Since the dawn of United States Citizenship and Immigration Services (USCIS), most immigration programs have been subject to country caps—in other words, only a limited number of visas can be allocated to applicants from a given country in a given fiscal year. Considering the stark population differences among countries—China and Grenada are hardly comparable—this practice has unfairly disadvantaged immigrant hopefuls from high-population nations. The EB-5 Immigrant Investor Program is no different, with EB-5 investment applicants from high-demand countries facing longer wait times due to these country caps.
Every fiscal year, approximately 10,000 visas are allocated to the EB-5 program, representing 7.1% of all EB visas for that year. Among these 10,000 visas, no one country is entitled to more than 7.1%, which amounts to around 700 visas per country. Since applicants can use their EB5 investment to obtain U.S. green cards for their spouse and dependent children as well, the yearly limit of 700 EB-5 visas per country only allows around 300 to 400 immigrant investors per country to start their new, promising life in the United States.
Bill S.386 Offers Hope for Ending the Country Cap
In July 2019, the U.S. government took the first step toward eliminating the discriminatory country caps in the EB-5 program and other U.S. immigration programs by introducing Bill S.386, also known as the Fairness for High-Skilled Immigrants Act of 2019. In 2020, a new version of the bill—Bill H.R.1044 – Fairness for High-Skilled Immigrants Act of 2020—was introduced, and on December 2, 2020, it was passed in the Senate, edging ever closer to the dissolution of USCIS country-based visa limits.
Passing in the Senate is significant, but for a bill of this magnitude, it’s not sufficient to enact the changes. The bill has been sent to the House of Representatives and must gain the approval of both houses to continue. Finally, should both houses pass the bill, it will proceed to President Trump’s desk for a signature, which will officially set it in motion. With broad support from both parties and Vice-President-Elect Kamala Harris as an original cosponsor, Bill S.386 stands a promising chance of passing and ushering in the transformation of U.S. immigration.
What Does the Bill Entail?
If passed, Bill S.386 could redefine the entire EB-5 landscape. The bill would see the country caps on employment-based visas almost completely eliminated, subject to a few conditions. A percentage of the available visas would be reserved for foreign nationals not from the two countries with the largest number of recipients, which, for the EB-5 program as of December 14, 2020, are China (including Hong Kong) and Vietnam. Of the unreserved visas, no more than 85% would be allowed to go to a single country. The passing of this bill represents a significant opportunity for those from China with EB-5 investments, and further improving the situation for Chinese immigrants is the bill’s eradication of an offset that reduces the number of visas that can be issued to Chinese individuals.
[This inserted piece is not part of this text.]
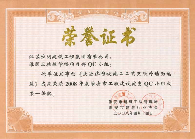 2008年市级QC一等奖(淮阴卫校教学楼-改进挤塑板施工工艺

If this bill is passed, it will effectively almost void the visa availability processing approach that USCIS adopted in April 2020. The visa availability approach prioritizes the I-526 petitions of applicants from countries with readily available visas and has primarily disadvantaged Chinese investors. If the country caps are removed, significantly more EB-5 visas will be available to Chinese investors, reducing their disadvantage under the visa availability approach.